JPS6222159B2 - - Google Patents

Description

DETAILED DESCRIPTION OF THE INVENTION The present invention relates to a multiple-tone electronic musical instrument that uses digital technology to preferentially generate a desired number of high-pitched or low-pitched tones.

Conventionally, in order to generate multiple tones in a monophonic musical instrument such as a synthesizer, a high/low tone priority selection circuit is used. The present applicant has constructed a priority selection circuit for two high and low tones by using a digital circuit to control serial data from a key data generation circuit using a counter and a latch circuit, etc., in accordance with Japanese Patent Application No. 160597/1983. suggested something. Further, in Japanese Patent Application Nos. 53-13332 and 1987-137618, we proposed a multitone electronic musical instrument that uses digital technology to preferentially generate a desired number of tones of three or more. In these proposed circuits, for example, in the case of a three-note bass priority circuit, even if four or more keys are pressed, the key information for the first three notes is stored in three memory circuits, and the keys pressed later are ignored. It will be done. In this case, if the last key pressed has a lower pitch than the previous three keys, a higher pitched sound will be generated, which is different from what the performer intended, giving a strange feeling.
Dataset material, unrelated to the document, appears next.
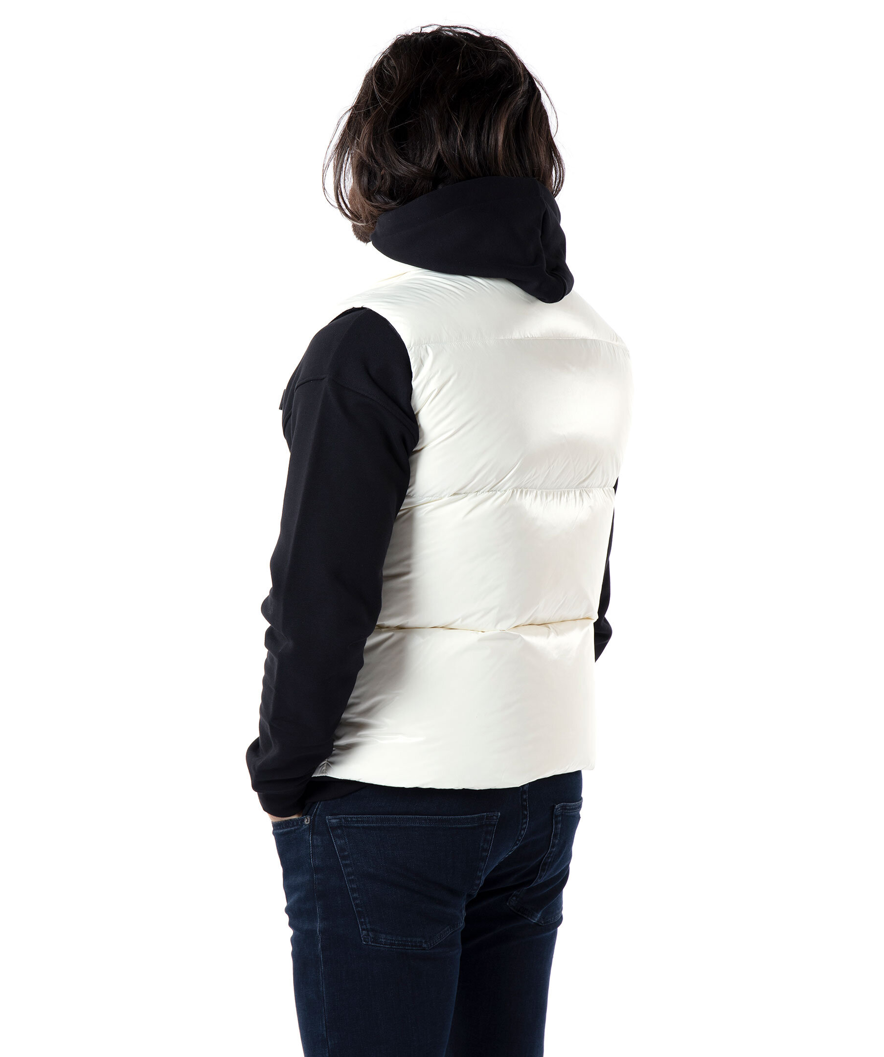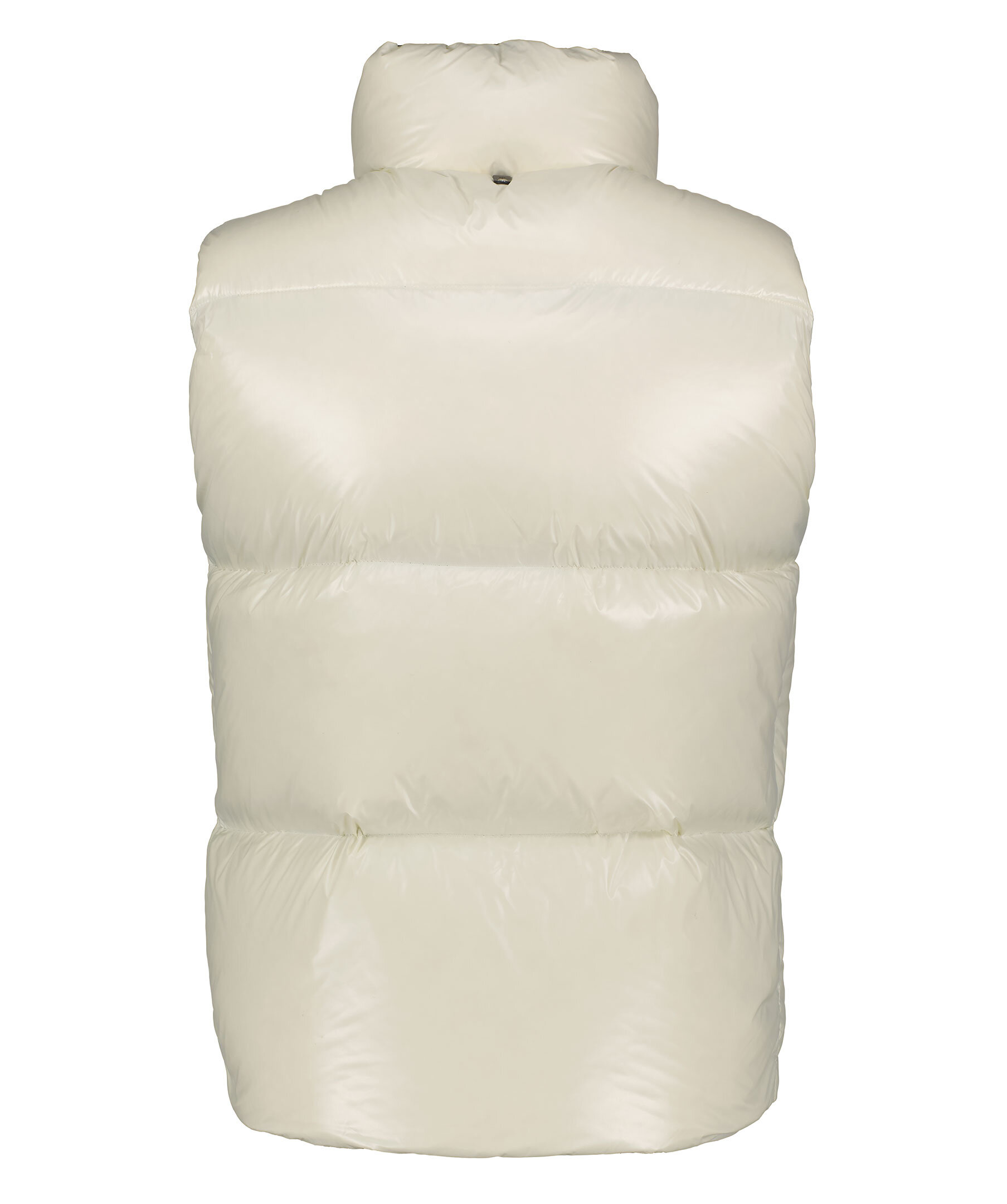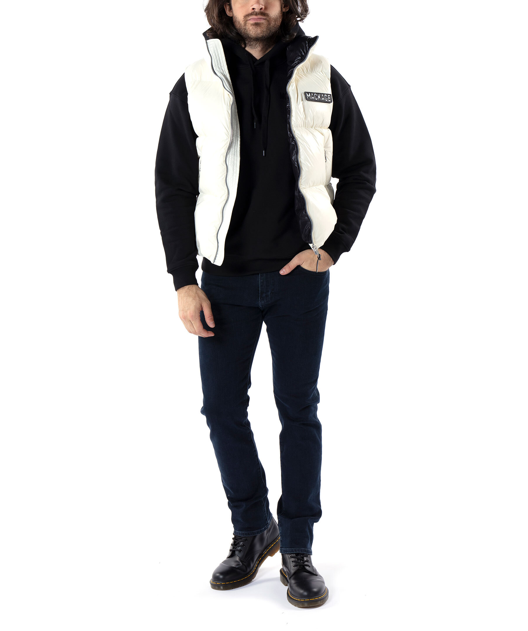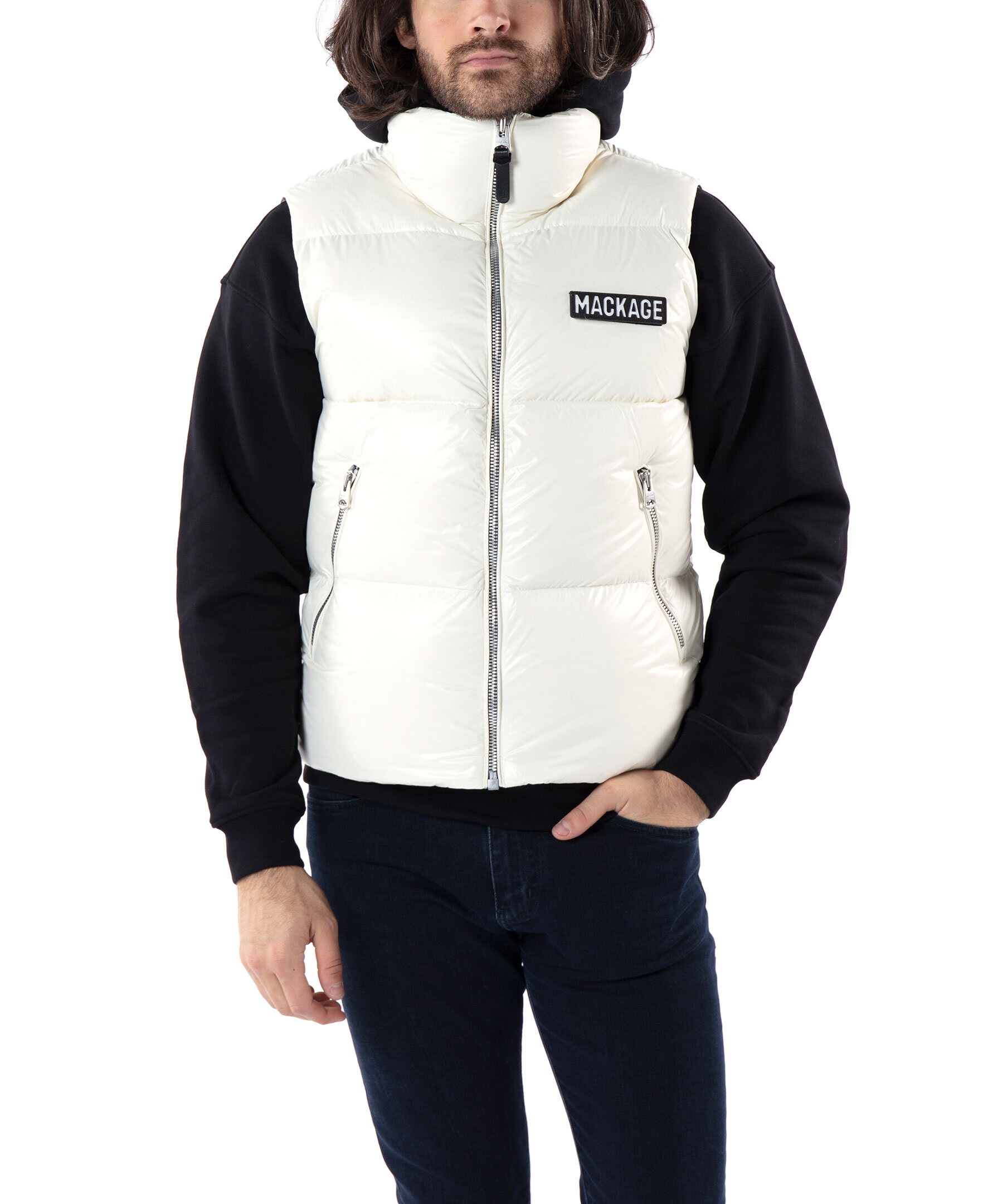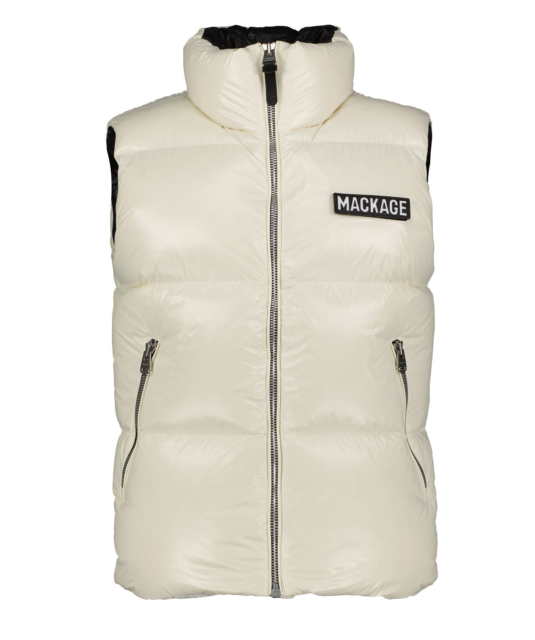 krämvit quiltad dunväst från Mackage i glansigt tyg. Stängs med dragkedja framtill. Två snedställda fickor fram som stängs med dragkedja. Patch med logotyp på vänster bröst. Dragsko i plaggslut. Modellen är 185cm lång och har på sig storlek 48.

SUMMARY OF THE INVENTION An object of the present invention is to provide a multitone electronic musical instrument that uses digital technology to preferentially emit a desired number of tones in the high or low range.

In order to achieve the above object, the multitone electronic musical instrument of the present invention converts the output clock pulse of the clock pulse generator into a time-division pulse, scans each key sequentially from the bass (or treble) side, and presses the time-division signal of the pressed key. a key data generation circuit that outputs a key signal; a counter that counts the output clock pulses of the clock pulse generator; and N memory circuits that write and store the count value of the counter using the key press signal as a write signal; A compound tone comprising: a comparison circuit that compares the contents of a storage circuit with a counted value of the counter; and means for guiding an output signal of the comparison circuit to a musical sound waveform forming circuit that converts the contents of the storage circuit into a musical tone. In the electronic musical instrument, a counting circuit is provided which outputs a control signal when the number of key press signals from the key data generation circuit in one scan of each key exceeds N, and the control signal of the counting circuit causes the number of key presses to exceed N. A means for blocking the passage of key press signals is provided, and even when N or more keys are pressed,
This is characterized in that only N musical tones on the low (or high temperature) side are generated.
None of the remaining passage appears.